What is an installment sale and how do I report it?

In this talk, I’ll go through what an installment sale is and how it’s reported.

There are two characteristics that create an installment sale. First, is that payment for your property sold is received over 2 or more tax years. Second, there is a gain on sale or disposal of the property not a loss. Keep in mind there are specific rules for calculating a gain or loss on sale of property and for property used in a trade or business, recapture of depreciation may apply. Refer to my video on calculating gains and losses for more information.

You can use the install sale method rules, to report a portion of the gain on sale, each year, when you actually receive payment. The rules define calculating that gain each year based on the gross profit percentage, which is the percentage of the amount of profit divided by the total cost of the job. If you do not want to use the installment sale rules you can elect out of them by simply reporting the gain in full in the year of sale. To make this election you simply report the gain in full. The installment sale method rules are advantageous because they allow you to defer paying taxes on the sale until you have actually received the money.

To report the gain in full during the year of sale, simply complete the relevant form to report the gain. For property used in a trade or business complete Form 4797 Sale of Business Property or for most personal use property, report the sale on Schedule D Capital Gains and Losses and Form 8949 Sales and Other Dispositions of Capital Assets. If you are using the installment sale method to calculate the portion of gain to recognize each year, then you complete Form 6252 Installment Sale Income, first, and then the relevant amount will flow to Form 4797 or schedule D and Form 8949, as required.

With an installment sale, there are few items to calculate.

First, the gain on the sale of the property in total. The gain is equal to the total proceeds received minus the adjusted basis in the property.
Second, is the amount of gain recognized during the current year, from the total year payments.
Third, is the interest income on the sale.
In brief, for calculating the gain on sale of property, everything of value you receive is considered the proceeds or sale price. This includes any property you receive, services provided or obligations like loans on the property that the buyer assumes on your behalf. Your adjusted basis in the property is subtracted from the total proceeds to equal the gain or loss. The adjusted basis begins with cost basis, which is usually what you paid for the property plus costs to get the asset ready for it’s intended use, which could be shipping and installation costs. However, there are specific rules for what can be included and excluded for different types of property.

So in summary, each installment sale payment you receive will usually be made up of 3 parts

Return of adjusted basis,
Gain on sale and
Interest income.
So why do we have to calculate these items for an installment sale? Well because the three items can all be taxed differently.

The adjusted basis in the property is a return on your investment and is not taxed, while interest income is always taxed at ordinary individual income tax rates and gains on sales may have special more favorable tax rates. All of the three amounts are calculated on the installment sale form 6252 and then flow to their relevant form to be reported. The installment sale form should be completed every year a payment is received.

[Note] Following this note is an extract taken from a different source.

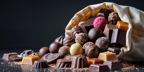 A Beautifully Overflowing Bag of Chocolate Treats Featuring Various Chocolate Types Perfect for Gifts or Celebrations on a Dark Background.
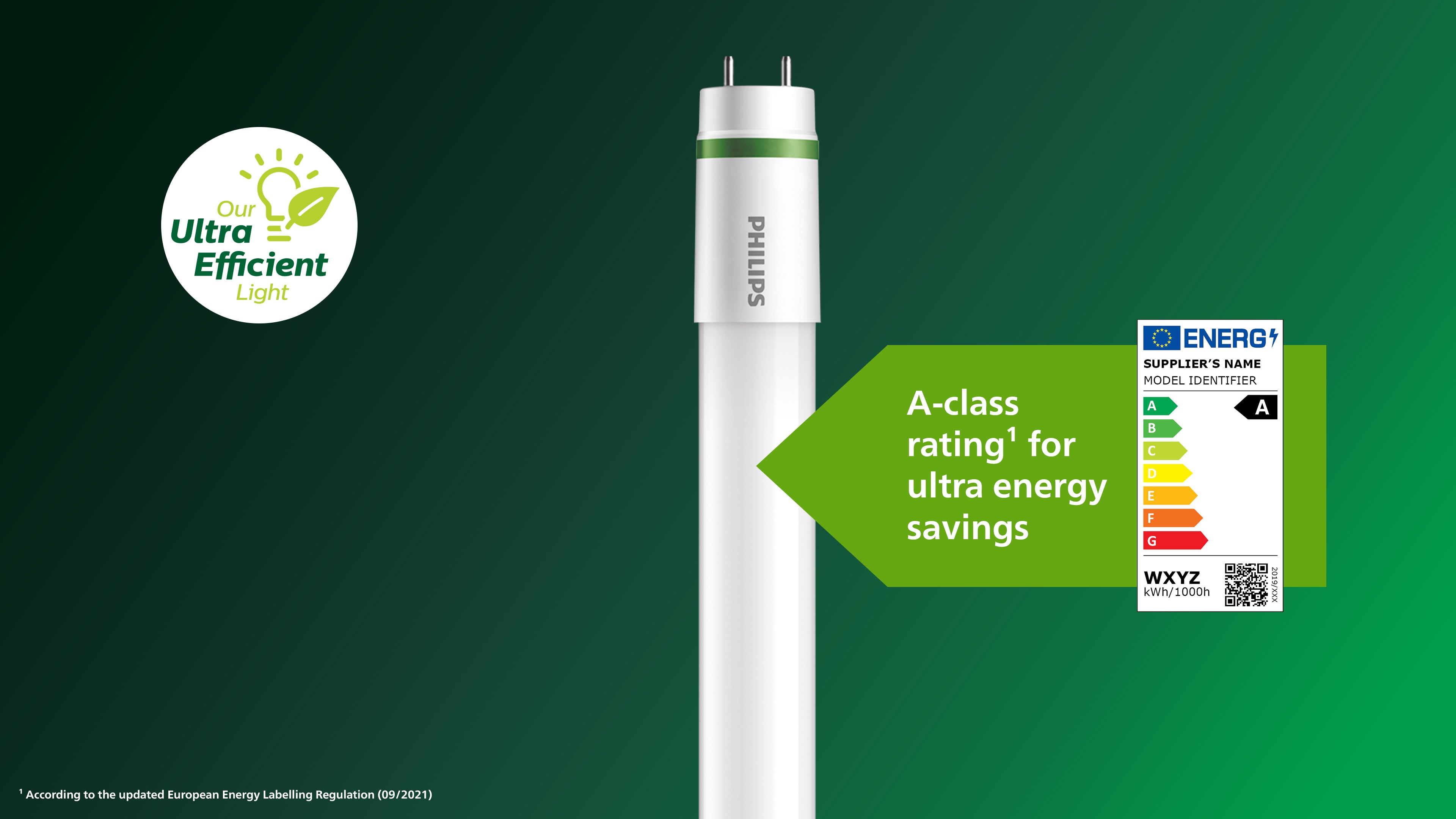 Signify hat bereits im vergangenen Jahr mit der Markteinführung der ersten Philips LED-Lampe der Energieeffizienzklasse A einen großen Schritt in Richtung Nachhaltigkeit gemacht. Die Lampe verbraucht rund 60 Prozent weniger Energie als eine herkömmliche LED von Philips. Die neue MASTER LEDtube UE setzt diesen Ansatz fort, indem sie das Portfolio an Produkten erweitert, die den Anforderungen der höchsten Energieeffizienzklasse entsprechen. Nach den neuen Maßstäben der EU-Verordnung müssen Beleuchtungsprodukte eine Energieeffizienz von mindestens 210 lm/W aufweisen, um die höchste Energieeffizienzklasse A zu erreichen.

Let’s talk a little more about the interest income. Because of the passage of time, an installment sale is effectively giving the buyer a loan. Therefore, an installment sale always has interest income. If an installment sale contract does not include interest income or it does not account for enough interest income then imputed interest must be calculated, which is called the unstated interest on the sale. This amount should then be ‘recharacterized,’ as interest income, instead of principal payment.

You may be wondering what is an adequate amount of interest? Well, the Applicable Federal Interest Rates, abbreviated AFRs, must be used. These rates are reported for each month and you should use the rate that was reported for the month of your sale. Note that even if you have a loss on a sale of property, if payments are received over multiple years then interest may still need to be imputed.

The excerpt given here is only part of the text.